#### Data
#####

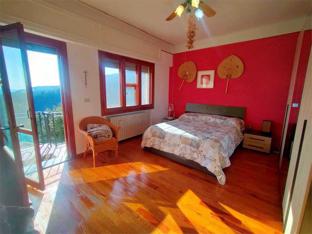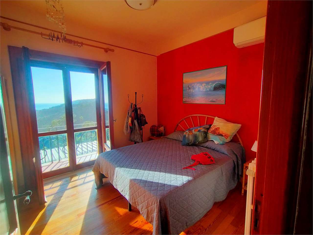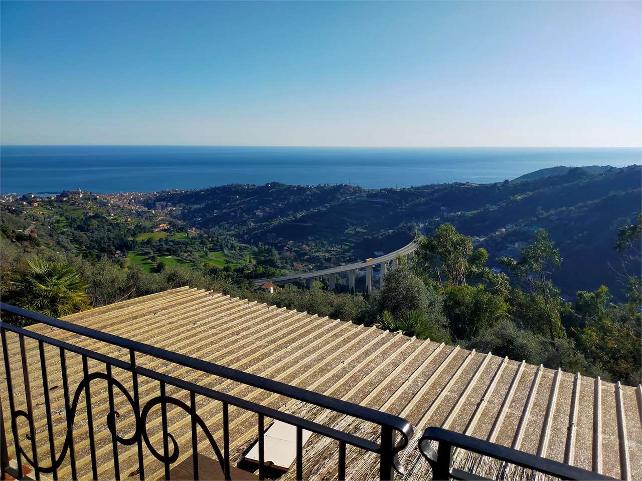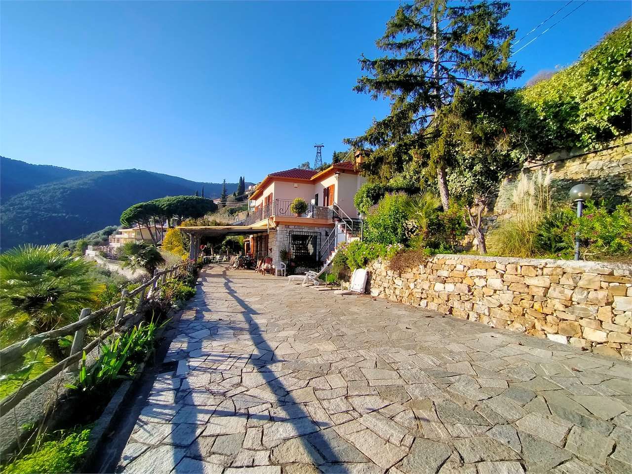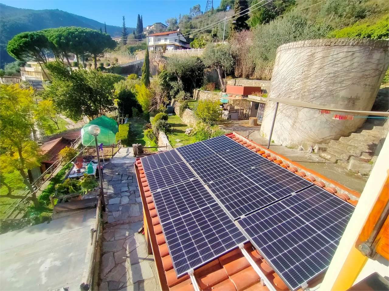 Sanremo sopra il campo golf con splendida vista sul golfo soleggiata ed esclusiva villa indipendente su due livelli circondata da circa 3000 mq. di terreno e frutteto con oltre 100 alberi tra piante da frutta ed olivi ed ampi spazi esterni. Cancello di ingresso carrabile su patio piastrellato con ampio spazio per i mezzi, cucina estiva oltre a magazzino deposito e due cantine. L'abitazione si compone al piano terra di porticato di ingresso soggiorno salotto con camino ventilato cucina a vista bagno di servizio e comoda scala interna al piano superiore, al prima piano due camere da letto matrimoniali camera singola bagno ripostiglio e terrazzo vivibile. Impianto fotovoltaico e sorgente d'acqua, presa di ricarica per auto elettrica, cappotto coibentante esterno, bassi consumi di gestione, alta classificazione energetica.
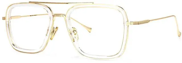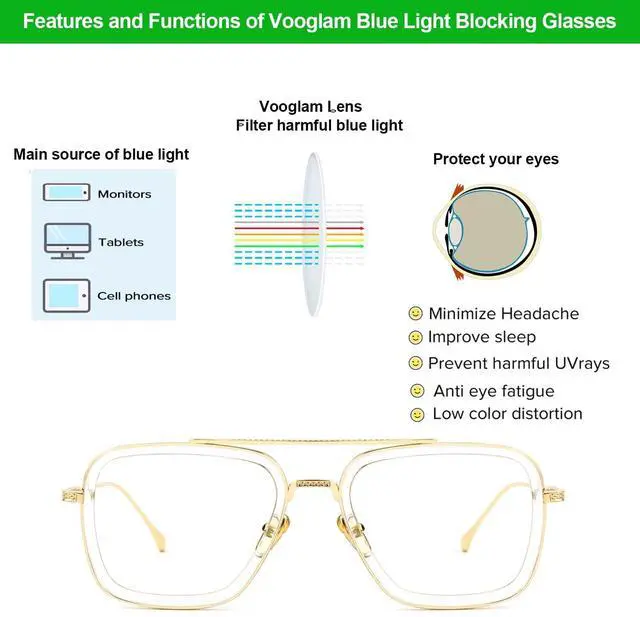 Vooglam AnyWear series glasses -- Designed with a sleek gold frame, they exude timeless sophistication while maintaining a fresh, modern appeal ^^ Use occasions -- The classic aviator shape is elevated with a minimalist, clear design thats perfect for both daily wear and special occasions ^^ TR90 material -- lightweight, pay special attention to quality, durability and comfortable ^^ Protect your eyes -- Using blue light-blocking lenses protects your eyes and reduces eyestrain, radiation, and dryness during the use of a computer, phone, TV, or other electronic product ^^ Medium size --
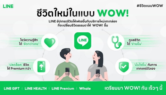 เพื่อเฉลิมฉลองก้าวสำคัญในปีที่ 14 LINE ประเทศไทย เตรียมยกระดับประสบการณ์ของผู้ใช้งานผ่านแนวคิด “ชีวิตใหม่ในแบบ WOW!” ที่มุ่งพัฒนาแพลตฟอร์มให้ตอบโจทย์ไลฟ์สไตล์ที่ “ดีขึ้นกว่าเคย” อย่างครบวงจร ครอบคลุมทั้งสื่อสาร ไลฟ์สไตล์และสุขภาพ โดยเน้น 4 แกนหลักประสบการณ์ ได้แก่ ปลดล็อกข้อจำกัดมากขึ้น – ลึกซึ้งขึ้น – ง่ายขึ้น และ มั่นใจขึ้น ซึ่งจะเชื่อมโยงผู้ใช้ผ่าน 4 บริการใหม่ที่จะเปิดตัวให้บริการเร็วๆนี้ อย่าง LINE Premium โปรแกรมสมาชิกสำหรับการใช้ LINE ที่อิสระกว่าที่เคย, LINE GIFT บริการ e-Gifting ที่จะเปลี่ยนมุมมองการให้ของขวัญในมิติใหม่ภายใต้คอนเซ็ปต์ Social Gifting, LINE HEALTH บริการที่เชื่อมต่อผู้ใช้กับผู้ให้บริการทางการแพทย์ออนไลน์ผ่านบัญชีทางการ ที่จะมาลดข้อจำกัดด้านการเดินทางและเวลา ซึ่งได้ทดลองให้บริการแล้ววันนี้ พร้อมด้วย Whale ศูนย์รวมผลิตภัณฑ์เพื่อสุขภาพที่เชื่อถือได้
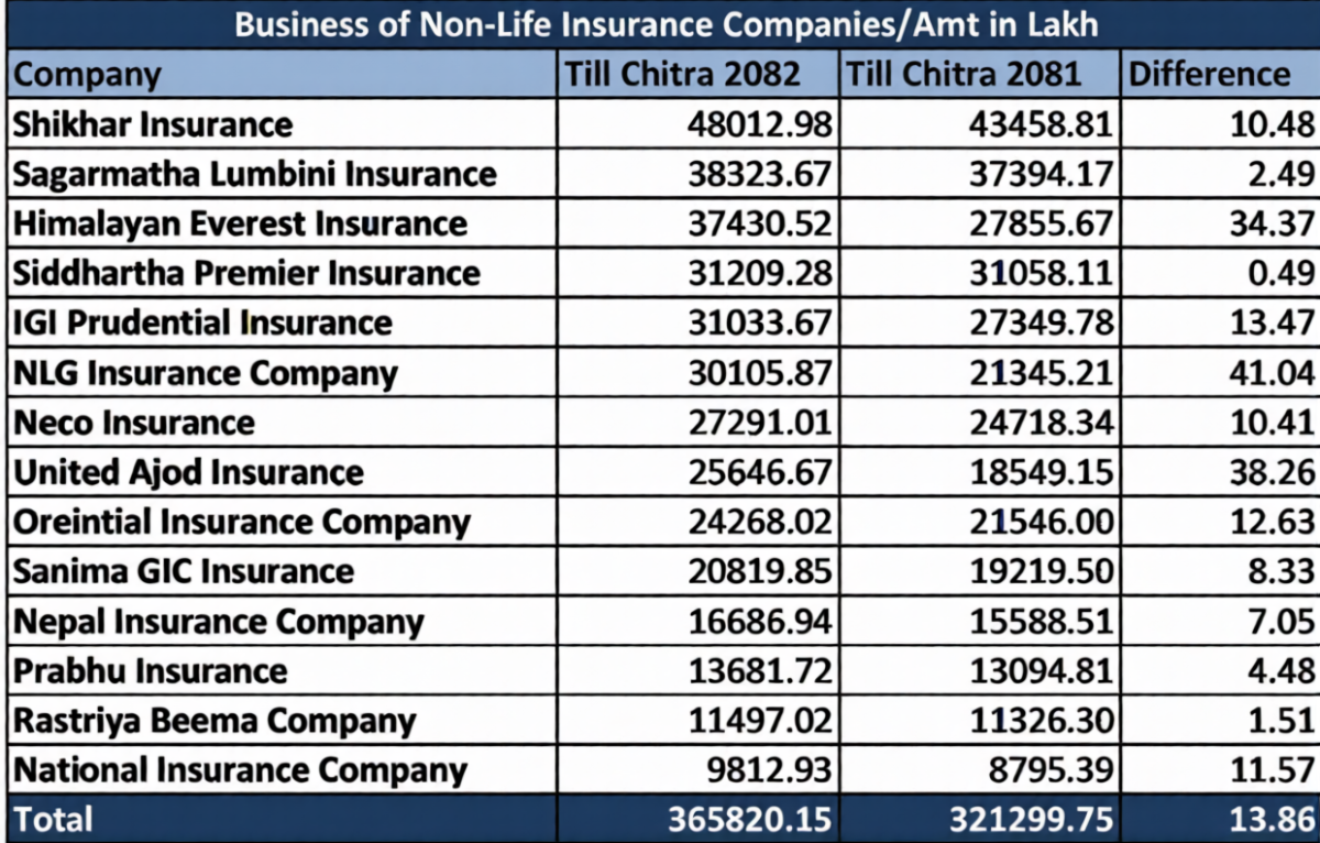 अघिल्लो आर्थिक वर्ष २०८१।८२ को चैतसम्म कम्पनीहरुले २१ लाख ३५ हजार २३३ वटा बीमालेख जारी गरेर ३२ अर्ब १२ करोड ९९ लाख रुपैयाँ कुल बीमाशुल्क आर्जन गरेका थिए। अघिल्लो वर्षको तुलनामा समीक्षा अवधिमा कम्पनीहरुको व्यापार १३.८६ प्रतिशतले बढेको छ।अघिल्लो वर्षको तुलनामा चालु वर्षको चैतमा १४ वटै बीमकको व्यापार बढेको छ। चैतसम्म शिखर इन्स्योरेन्सले सर्वाधिक व्यापार भित्र्याउँदा भने व्यापार वृद्धिको हिसाबले एनएलजी इन्स्योरेन्स अगाडि रहेको छ।

#####

#### What is being asked
Retype all of the material above precisely as it reads. Pictures are not part of the copy.

#### Answer box
 Sanremo sopra il campo golf con splendida vista sul golfo soleggiata ed esclusiva villa indipendente su due livelli circondata da circa 3000 mq. di terreno e frutteto con oltre 100 alberi tra piante da frutta ed olivi ed ampi spazi esterni. Cancello di ingresso carrabile su patio piastrellato con ampio spazio per i mezzi, cucina estiva oltre a magazzino deposito e due cantine. L'abitazione si compone al piano terra di porticato di ingresso soggiorno salotto con camino ventilato cucina a vista bagno di servizio e comoda scala interna al piano superiore, al prima piano due camere da letto matrimoniali camera singola bagno ripostiglio e terrazzo vivibile. Impianto fotovoltaico e sorgente d'acqua, presa di ricarica per auto elettrica, cappotto coibentante esterno, bassi consumi di gestione, alta classificazione energetica.
 Vooglam AnyWear series glasses -- Designed with a sleek gold frame, they exude timeless sophistication while maintaining a fresh, modern appeal ^^ Use occasions -- The classic aviator shape is elevated with a minimalist, clear design thats perfect for both daily wear and special occasions ^^ TR90 material -- lightweight, pay special attention to quality, durability and comfortable ^^ Protect your eyes -- Using blue light-blocking lenses protects your eyes and reduces eyestrain, radiation, and dryness during the use of a computer, phone, TV, or other electronic product ^^ Medium size --
 เพื่อเฉลิมฉลองก้าวสำคัญในปีที่ 14 LINE ประเทศไทย เตรียมยกระดับประสบการณ์ของผู้ใช้งานผ่านแนวคิด “ชีวิตใหม่ในแบบ WOW!” ที่มุ่งพัฒนาแพลตฟอร์มให้ตอบโจทย์ไลฟ์สไตล์ที่ “ดีขึ้นกว่าเคย” อย่างครบวงจร ครอบคลุมทั้งสื่อสาร ไลฟ์สไตล์และสุขภาพ โดยเน้น 4 แกนหลักประสบการณ์ ได้แก่ ปลดล็อกข้อจำกัดมากขึ้น – ลึกซึ้งขึ้น – ง่ายขึ้น และ มั่นใจขึ้น ซึ่งจะเชื่อมโยงผู้ใช้ผ่าน 4 บริการใหม่ที่จะเปิดตัวให้บริการเร็วๆนี้ อย่าง LINE Premium โปรแกรมสมาชิกสำหรับการใช้ LINE ที่อิสระกว่าที่เคย, LINE GIFT บริการ e-Gifting ที่จะเปลี่ยนมุมมองการให้ของขวัญในมิติใหม่ภายใต้คอนเซ็ปต์ Social Gifting, LINE HEALTH บริการที่เชื่อมต่อผู้ใช้กับผู้ให้บริการทางการแพทย์ออนไลน์ผ่านบัญชีทางการ ที่จะมาลดข้อจำกัดด้านการเดินทางและเวลา ซึ่งได้ทดลองให้บริการแล้ววันนี้ พร้อมด้วย Whale ศูนย์รวมผลิตภัณฑ์เพื่อสุขภาพที่เชื่อถือได้
 अघिल्लो आर्थिक वर्ष २०८१।८२ को चैतसम्म कम्पनीहरुले २१ लाख ३५ हजार २३३ वटा बीमालेख जारी गरेर ३२ अर्ब १२ करोड ९९ लाख रुपैयाँ कुल बीमाशुल्क आर्जन गरेका थिए। अघिल्लो वर्षको तुलनामा समीक्षा अवधिमा कम्पनीहरुको व्यापार १३.८६ प्रतिशतले बढेको छ।अघिल्लो वर्षको तुलनामा चालु वर्षको चैतमा १४ वटै बीमकको व्यापार बढेको छ। चैतसम्म शिखर इन्स्योरेन्सले सर्वाधिक व्यापार भित्र्याउँदा भने व्यापार वृद्धिको हिसाबले एनएलजी इन्स्योरेन्स अगाडि रहेको छ।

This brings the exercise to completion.